Thanks to the internet the world knows so much more about what people are doing, what they're thinking and wanting, Kort said. And still though the sex therapy field is small — growing, but it's small. Kort sees an obvious need for more sexual therapists and more sexual therapists that focus on serving the LGBT community. He says most therapists haven't dealt with their own sex lives and that they don't know how or where to talk about sexual health with their clients.
"I think because I was gay I was forced to talk about it. I think LGBT people were forced to talk about it because it's unnatural for us to do it the way we are taught," Kort said.
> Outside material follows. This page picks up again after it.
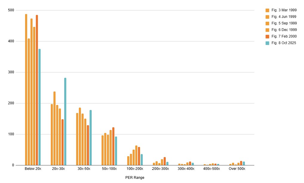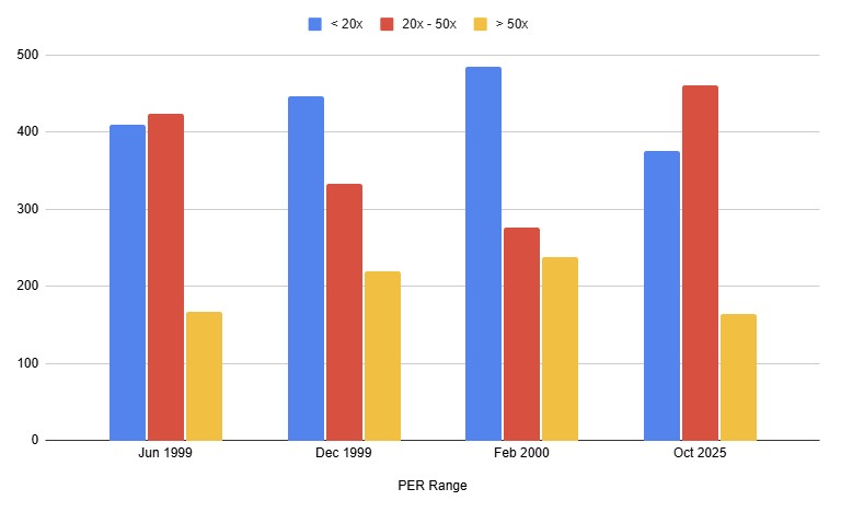 Today, the situation is reversed. A healthy 46% of companies reside in that 20x-50x PER range, a figure higher even than the 42% seen in mid-1999, before the real mania began. This suggests that while enthusiasm is high, a broad-based discipline on valuations remains intact.

"Understanding Patients' Sexual Problems" is currently available on Amazon and discusses a variety of topics for healthcare professionals to better understand how sexual health education for medical and nursing professionals is inadequate, yet critical in understanding LGBT patients' needs and problems; early problem recognition and stigma-free, therapeutic and effective intervention; what conversations LGBT patients should have with their healthcare professionals; and treating patients of all ages and sexual orientations with respect inside and outside the healthcare arena.